■ **Data for the task**
===============

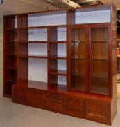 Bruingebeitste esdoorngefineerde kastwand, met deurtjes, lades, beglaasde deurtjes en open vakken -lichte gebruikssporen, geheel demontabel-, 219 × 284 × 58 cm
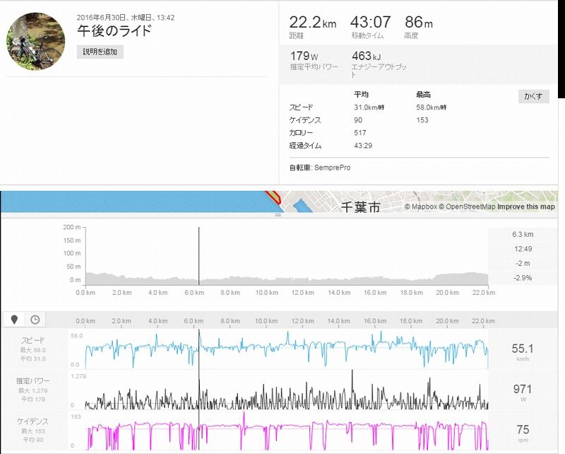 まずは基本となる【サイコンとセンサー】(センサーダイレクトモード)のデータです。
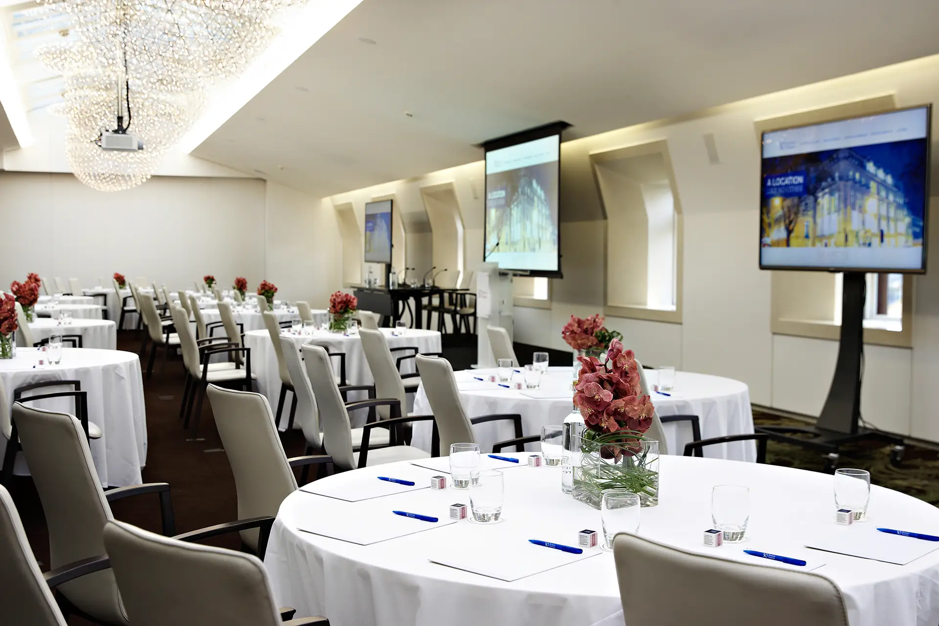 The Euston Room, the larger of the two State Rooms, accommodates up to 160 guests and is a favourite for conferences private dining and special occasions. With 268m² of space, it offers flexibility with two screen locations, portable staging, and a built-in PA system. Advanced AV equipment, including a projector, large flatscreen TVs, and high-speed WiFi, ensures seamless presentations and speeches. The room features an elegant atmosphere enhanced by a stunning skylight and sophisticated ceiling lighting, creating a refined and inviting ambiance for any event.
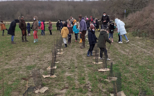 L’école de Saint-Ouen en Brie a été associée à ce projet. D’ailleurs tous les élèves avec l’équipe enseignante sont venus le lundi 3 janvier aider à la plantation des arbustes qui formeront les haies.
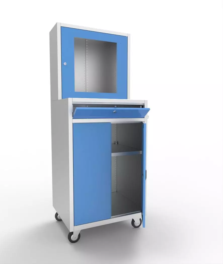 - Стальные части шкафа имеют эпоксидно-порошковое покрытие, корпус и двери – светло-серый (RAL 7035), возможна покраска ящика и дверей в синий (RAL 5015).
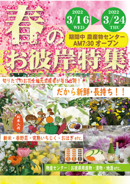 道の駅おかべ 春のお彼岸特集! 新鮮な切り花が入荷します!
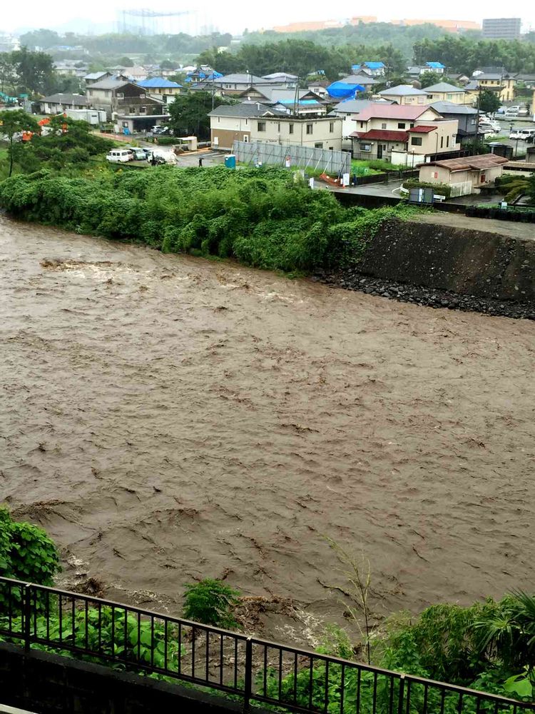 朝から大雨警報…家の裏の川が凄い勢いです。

===============

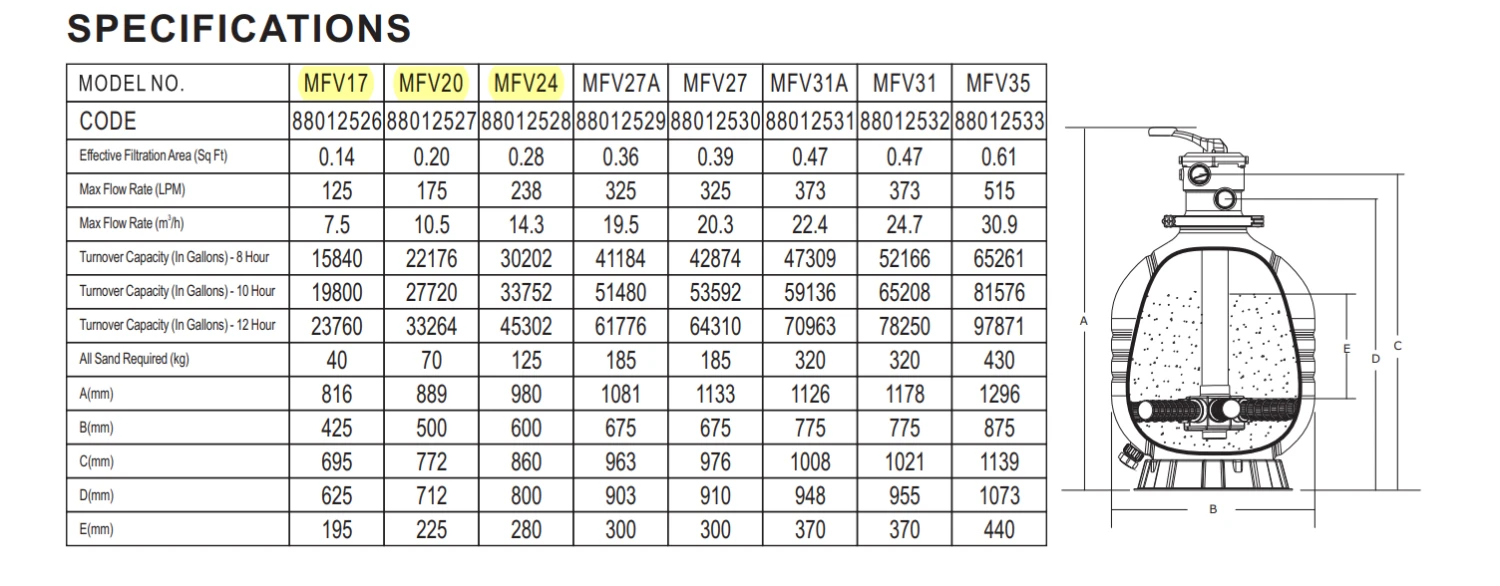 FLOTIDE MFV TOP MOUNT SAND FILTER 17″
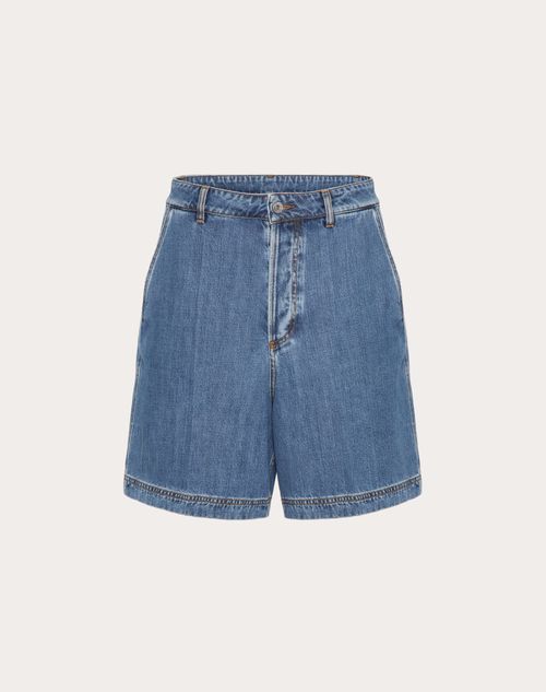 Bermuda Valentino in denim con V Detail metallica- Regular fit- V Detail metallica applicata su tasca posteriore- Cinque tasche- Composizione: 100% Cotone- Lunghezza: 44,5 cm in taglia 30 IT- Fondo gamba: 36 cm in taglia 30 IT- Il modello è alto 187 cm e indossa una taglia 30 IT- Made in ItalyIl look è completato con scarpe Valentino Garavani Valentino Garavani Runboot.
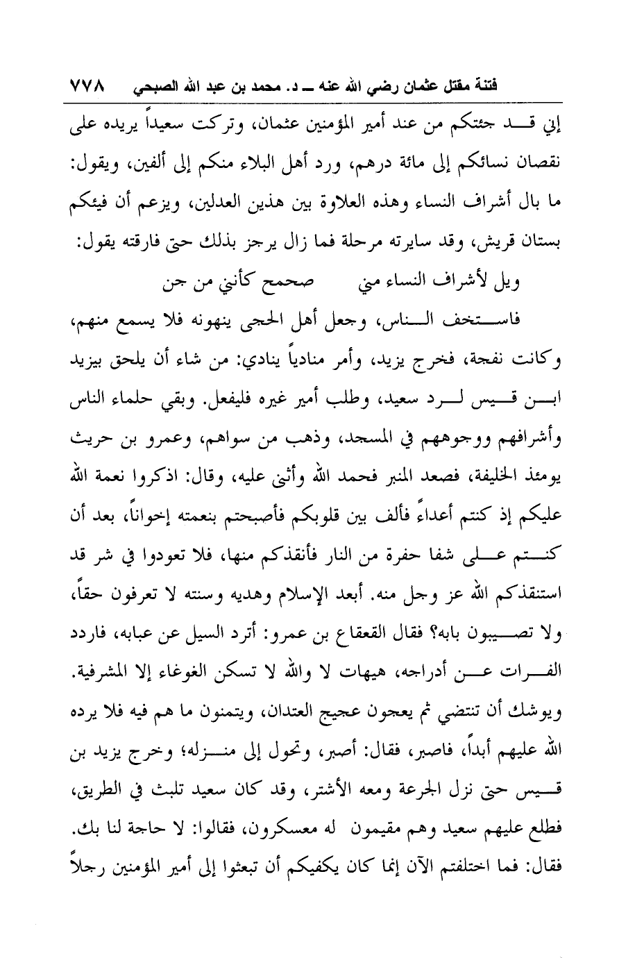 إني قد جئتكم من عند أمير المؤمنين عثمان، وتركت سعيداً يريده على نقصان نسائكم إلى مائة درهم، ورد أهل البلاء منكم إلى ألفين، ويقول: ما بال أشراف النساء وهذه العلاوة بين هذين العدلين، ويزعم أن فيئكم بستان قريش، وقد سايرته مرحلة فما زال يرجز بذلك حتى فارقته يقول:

===============

■ **Exercise brief**
Return exactly the part of the listing above that opens with the line containing "Bruingebeitste esdoorngefineerde kastwand, met" and closes with the line containing "まずは基本となる【サイコンと". Pictures stay out.

■ **Task answer**
 Bruingebeitste esdoorngefineerde kastwand, met deurtjes, lades, beglaasde deurtjes en open vakken -lichte gebruikssporen, geheel demontabel-, 219 × 284 × 58 cm
 まずは基本となる【サイコンとセンサー】(センサーダイレクトモード)のデータです。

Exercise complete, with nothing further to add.